▶ _Input data_:

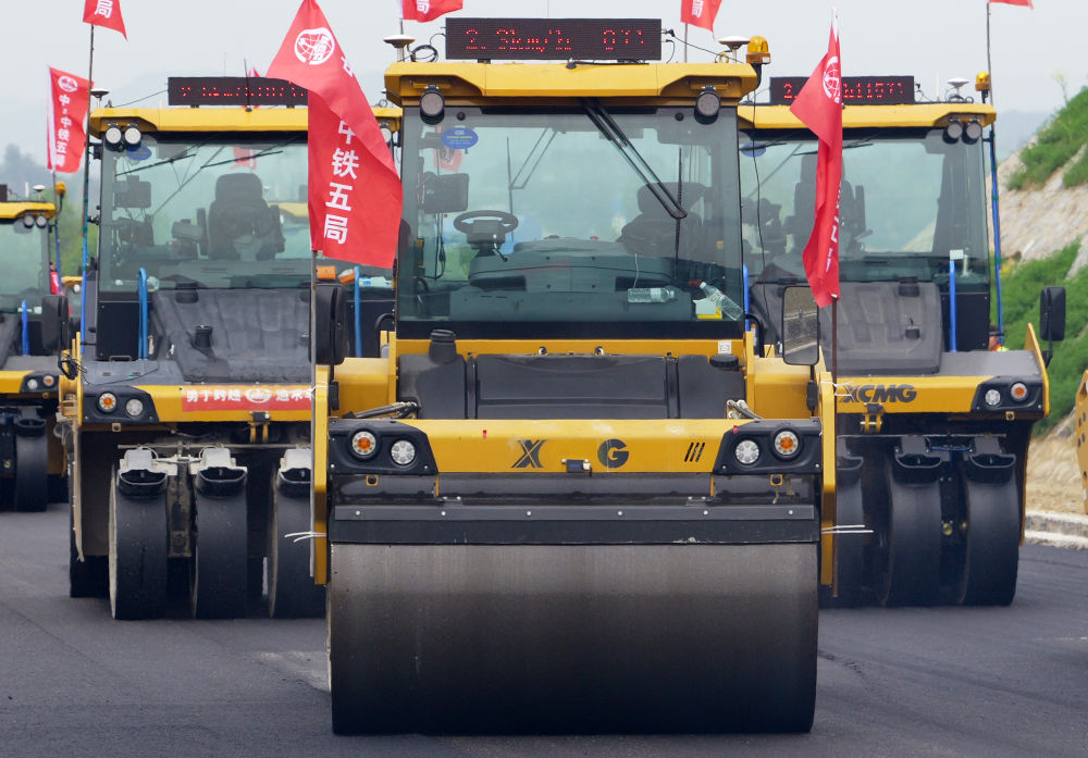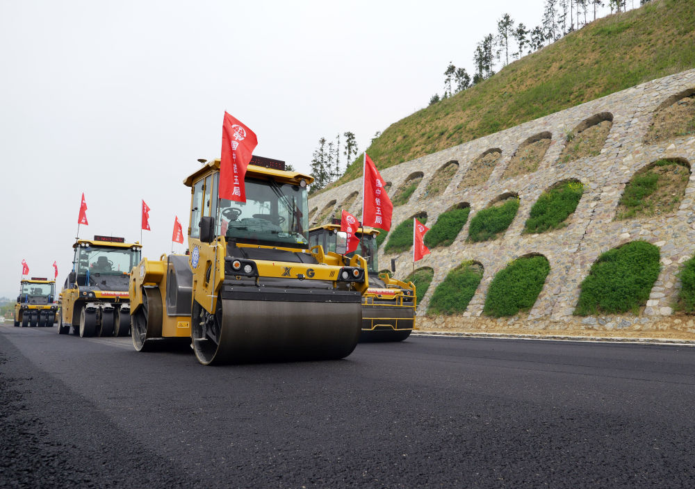 2024年4月11日,在河南省新縣,無人駕駛壓路機在由中鐵五局承建的沿大別山高速公路雞公山至商城段進(jìn)行施工作業(yè)。 新華社記者 李嘉南 攝
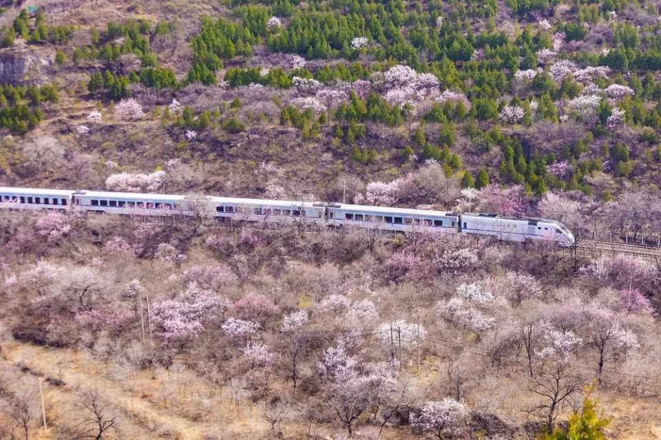 北京市郊铁路S2线沿途开满了桃花和杏花。(中国铁路北京局供图)
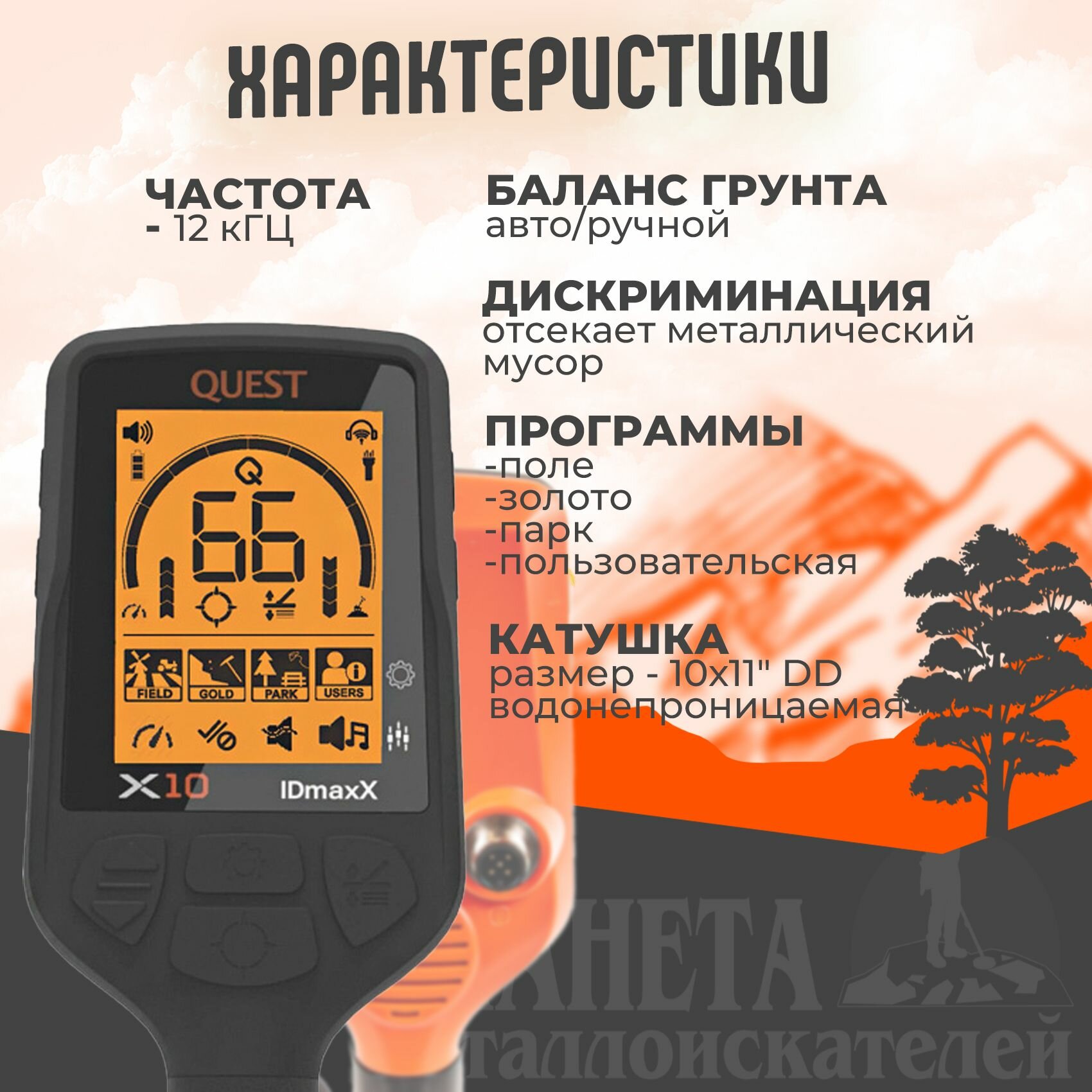 Металлоискатель Quest X10 IDmaxX - подводный металлоискатель для начинающих интересное:
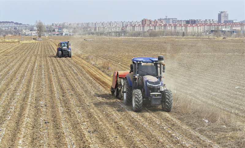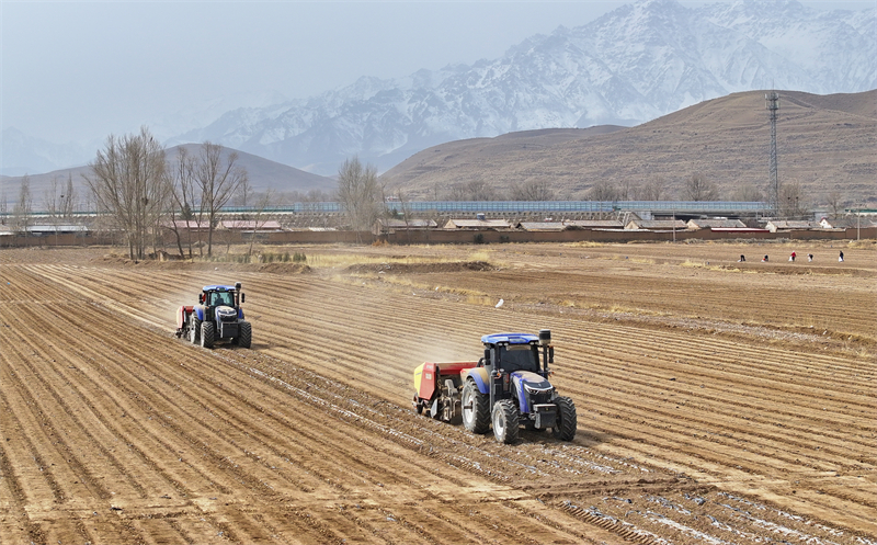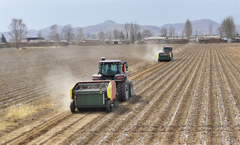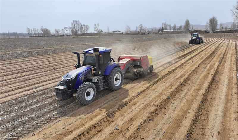 2026年3月26日,在民乐县洪水镇上柴村,残膜回收和秸秆还田一体机正在开展残膜回收和根茬还田作业。

▶ _Try it_: Could you restate the material word for word, omitting the pictures?

▶ _Completed task_:
 2024年4月11日,在河南省新縣,無人駕駛壓路機在由中鐵五局承建的沿大別山高速公路雞公山至商城段進(jìn)行施工作業(yè)。 新華社記者 李嘉南 攝
 北京市郊铁路S2线沿途开满了桃花和杏花。(中国铁路北京局供图)
 Металлоискатель Quest X10 IDmaxX - подводный металлоискатель для начинающих интересное:
 2026年3月26日,在民乐县洪水镇上柴村,残膜回收和秸秆还田一体机正在开展残膜回收和根茬还田作业。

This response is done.